Buntut Kematian Bayi Salah Suntik, Komisi E Minta Pihak RS Wahidin Diinvestigasi Independen

  • Bagikan
Ilustrasi bayi meninggal

FAJAR.CO.ID, MAKASSAR -- Wakil Ketua Komisi E DPRD Sulsel, Irfan AB meminta pihak RS Wahidin Sudirohusodo Makassar diinvestigasi. Buntut kematian bayi akibat salah suntik.

Hal itu disampaikan Irfan AB saat RDP dengan pihak RS Wahidin di Lantai 7 DPRD Sulsel, Jumat, 12 Agustus 2022.

Sejatinya, pihak keluarga bayi asal Gowa tersebut sudah berdamai dengan pihak rumah sakit, namun Irfan AB mengungkapkan jika jalan damai tidak menyelesaikan masalah. Perlu diusut.

"Kita tidak boleh damai, karena berhubungan pelayanan publik. Ini tidak berhenti dengan damai RS dan korban," katanya.

Meskipun sebelumnya sudah melakukan Konsul dengan tujuh dokter ahli, Irfan AB menegaskan bahwa itu belum tuntas. Perlu investigasi dari pihak independen.

"Kesalahan oknum dan kesalahan sistem, ada kesalahan sistem. Saya belum puas hasil investigasi. Konsul dengan 7 dokter ahli, saya anggap hasil tidak independen, perlu ada langkah lebih jauh supaya ada langkah independen," tegas Politisi PAN ini.

Menurutnya, sanksi pemotongan tunjangan 20 persen bagi perawat dan pemecatan direktur RS belum cukup.

"Ini kejahatan kemanusiaan, boleh saja kesalahan sistem ini fenomena gunung es.
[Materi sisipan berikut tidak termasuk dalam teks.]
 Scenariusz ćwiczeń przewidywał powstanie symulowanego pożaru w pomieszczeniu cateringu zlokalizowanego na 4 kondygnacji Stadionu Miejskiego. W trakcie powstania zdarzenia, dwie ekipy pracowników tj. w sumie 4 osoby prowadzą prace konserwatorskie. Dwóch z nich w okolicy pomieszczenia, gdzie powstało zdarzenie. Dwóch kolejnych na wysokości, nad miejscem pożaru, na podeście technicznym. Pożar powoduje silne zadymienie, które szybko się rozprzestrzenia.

Mungkin kita lihat hanya satu, sesungguhnya banyak di masa lalu kebetulan keluarga tidak komplen tidak terekspos," jelasnya.
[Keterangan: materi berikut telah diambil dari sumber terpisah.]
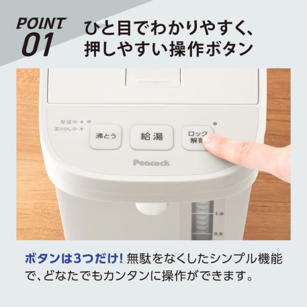 電気ポット 早沸きタイプ 1.2リットル 1.2L 1200W ハイパワー マイコン 保温 母の日 2026 プレゼント ギフト フッ素フリー ピーコック公式 1L WMR-12

Menurutnya, kasus seperti ini tidak boleh terulang kembali. Sehingga diperlukan investigasi lebih dalam. Apalagi menyangkut soal nyawa.

"Kita tidak mau ini terjadi pada keluarga, kok magang diberi kesempatan suntik. Beda magang pabrik mobil dengan RS, karena ini berurusan nyawa," ungkapnya.